## Convolution in Practice

Find out why convolutional and pooling layers are the building blocks of Convolutional Neural Networks.

We will be covering:

- Spatial dimensions

Pooling layers

When it comes to real-life applications, most images are in fact a 3D tensor with width, height, and 3 channels (R,G,B) as dimensions.

In that case, the kernel should also be a 3D tensor (k $\times$ k $\times$ $channels$). Each kernel will produce a 2D feature map. Remember the sliding happens only across width and height. We just take the dot product of all the input channels on the computation. Each kernel will produce 1 output channel.

In practice, we tend to use more than 1 kernel in order to capture different kinds of features at the same time.

![pic](https://raw.githubusercontent.com/CUTe-EmbeddedAI/images/main/images/fig17.png)

As you may have guessed, our learnable weights are now the values of our filters and can be trained with backpropagation, as usual. We can add a bias into each filter as well.

Convolutional layers can be stacked on top of others. Since convolutions are linear operators, we include non-linear activation functions in between just as we did in fully connected layers.

To recap, you have to think in terms of input channels, output channels, and kernel size. And that is exactly how we are going to define it in Pytorch.

To define a convolutional network in Pytorch, we have:

In [1]:
import torch.nn as nn

conv_layer = nn.Conv2d(in_channels=3, out_channels=5, kernel_size=5)
print(conv_layer)

Conv2d(3, 5, kernel_size=(5, 5), stride=(1, 1))


The above layer will receive an image of 3 channels (i.e., R,G,B) and will output 5 feature maps (channels) using a kernel size of 5x5x3. For simplicity, we just say 5x5 kernel.

### Spatial dimensions

Because figuring out the dimensions of each tensor can quickly become complicated, let’s examine a simple example of a convolutional layer.
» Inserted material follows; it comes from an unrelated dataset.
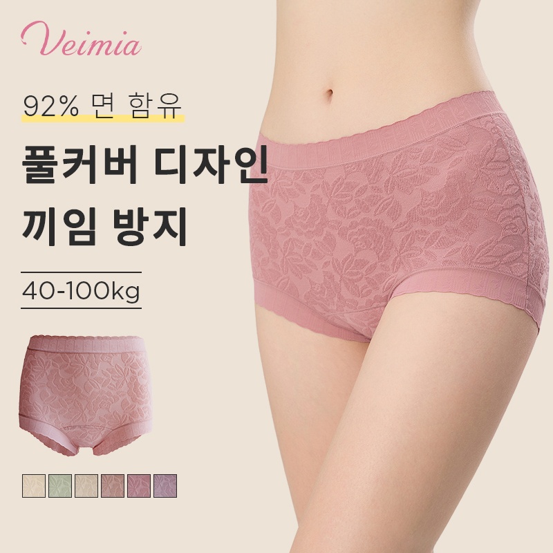【초특가 5장₩49,900】VEIMIA 풀커버 하이웨이스트 무봉제 팬티丨끼임 방지 풀커버 디자인 92% 면 함유 민감 피부도 편안한 하이웨이스트 팬티

Assume that we have a 7x7 image and a 3x3 filter. The feature map will be of size 5x5.

![pic](https://raw.githubusercontent.com/CUTe-EmbeddedAI/images/main/images/fig18.PNG)

This is the most common approach but it is not the only one.

Sometimes, we may want to slide/move the kernel every 2 pixels instead of every 1, thus introducing an extra hyperparameter called **stride**.

In some cases, we can also pad the image around the edges with zeros in order to control the output dimensions. The amount of zero-padding on the edges introduces another parameter in the mix called **zero-padding** or simply **padding**.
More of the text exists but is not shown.